Unlike conventional high quantum efficiency materials, the newly developed one, called “Hyperfluorescence” does not use rare metals, as announced by Nature magazine last week.

According to the project leader and professor at Kyushu, the material eliminates the need for phosphorescent materials. Being a fluorescent material it emits light only when excitors go through a spin, or singlet, state. In comparison, phosphorescent materials emit light in singlet as well as in the so-called triplet state. Because of this, it is known that the maximum quantum efficiency of the former is 25% and therefore not suitable to use for lightening, while the efficiency of the latter is 100%.

This is the main reason why phosphorescent materials are widely used in high quality OLED displays and lightening apparatuses.

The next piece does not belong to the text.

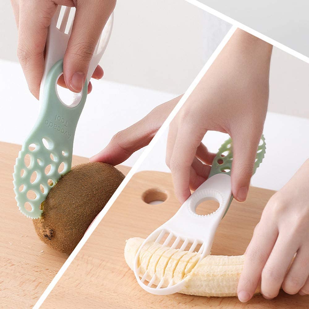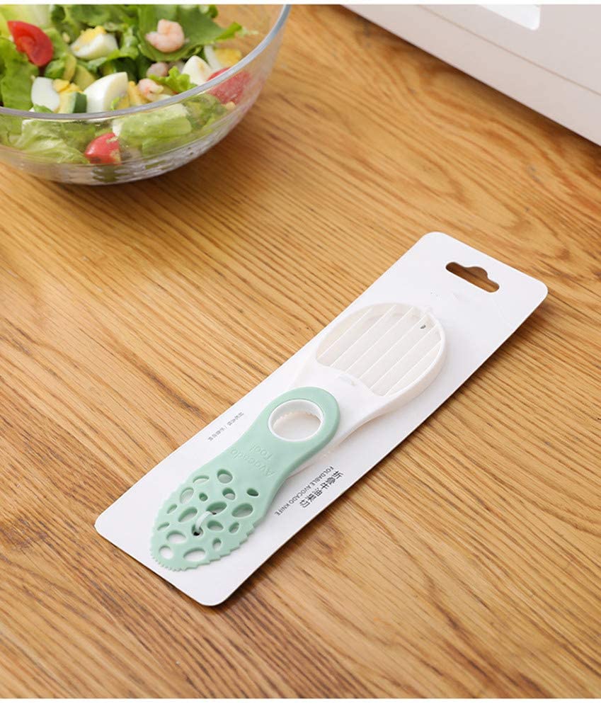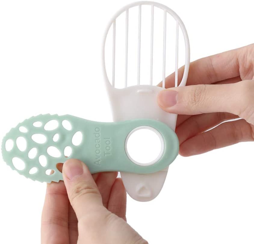 【5-in-1 Avocado Cutter】Multifunctional Avocado Splicer, 5-in-1 use for Cutter/Pitter/Fleshing Knife/Stirrer/Scooper makes avocados Cutting&Coring easy and safe. 【Innovative Design】Rotatable design, compact and portable. One side used for cutting and scraping, the other side used as slicer. The middle round hole used for coring. 【Safe Shape Design】Durable Frame and Polished edge 100% safe won’t hurt your fingers when cutting fruits. 【Not Only for Cutting Fruit】Not only used for avocado, but also used for Kiwi, dragon fruit, and more other fruits, even you can use it as a kitchen knife for cutting some vegetables. 【Reliable Material】Rust and Corrosion Resistant. Durable frame is easy to clean! Excellent choice as a kitchen tool for long time use!

The use of rare metals in these materials, however, makes them very expensive. In addition, they are patented and therefore permission and fee are required prior to their use. And last but not least, blue light-emitting phosphorescent materials have a very short lifespan, making them unusable for practical purposes.

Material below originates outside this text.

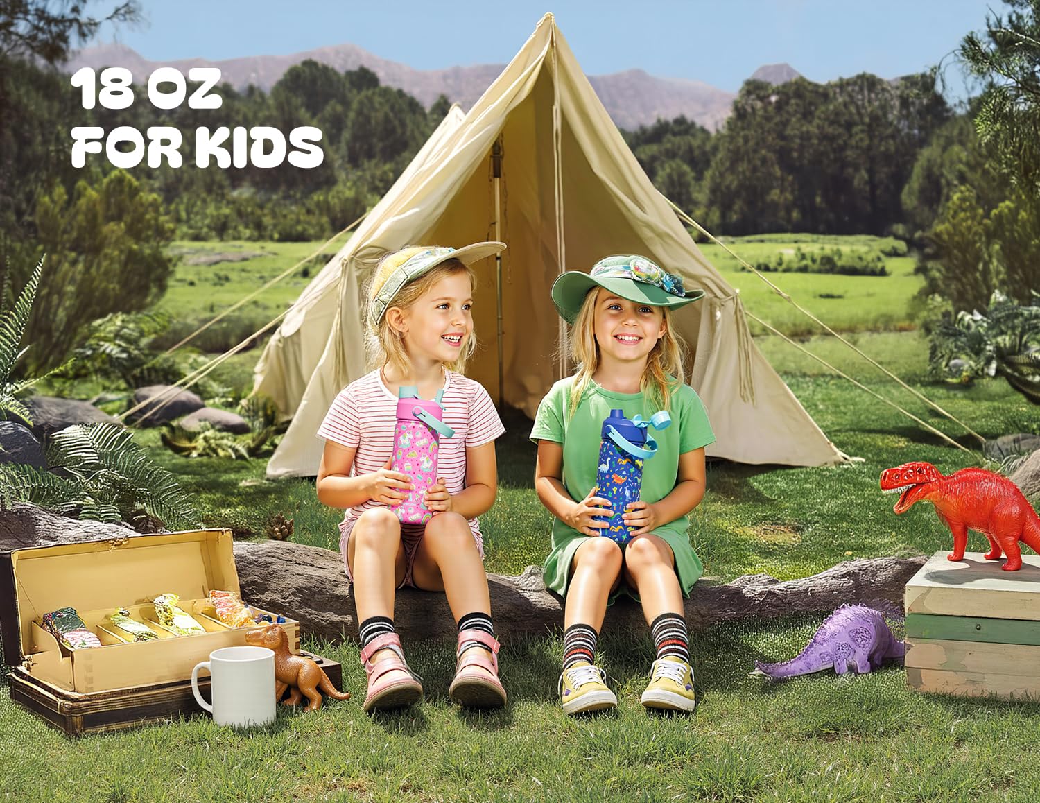 18 oz Kids Water Bottle for School: Leakproof, 2-in-1 Straw Spout Lid, BPA-Free, Easy Carry, Keep Cold 24H, Insulated Stainless Steel Cup for Backpack, Sports, Camping, Trip, Gift, Home (Cute Unicorn)

Adachi Lab of OPERA, however, made use of fluorescent materials that were previously found to have internal quantum efficiency higher than 25%. They established light emission principle called thermally activated delayed fluorescence (TDAF) and worked on designing a material to increase its luminous efficiency.

TADF emits light only at singlet state of the excitors, however the emitted heat excites the excitors in the triplet state, making them partly responsible for emitting light. Using this principle, the team of scientists managed to develop materials with more than 90% internal quantum efficiencies, consisting of five to nine benzene rings.

The team also designed a prototype of an OLED device and displays that use these low-molecular materials, with equal efficiency to any phosphorescent OLED device. The green light-emitting material performs best, however Adachi is certain they will soon be able to achieve maximum efficiency for any colour.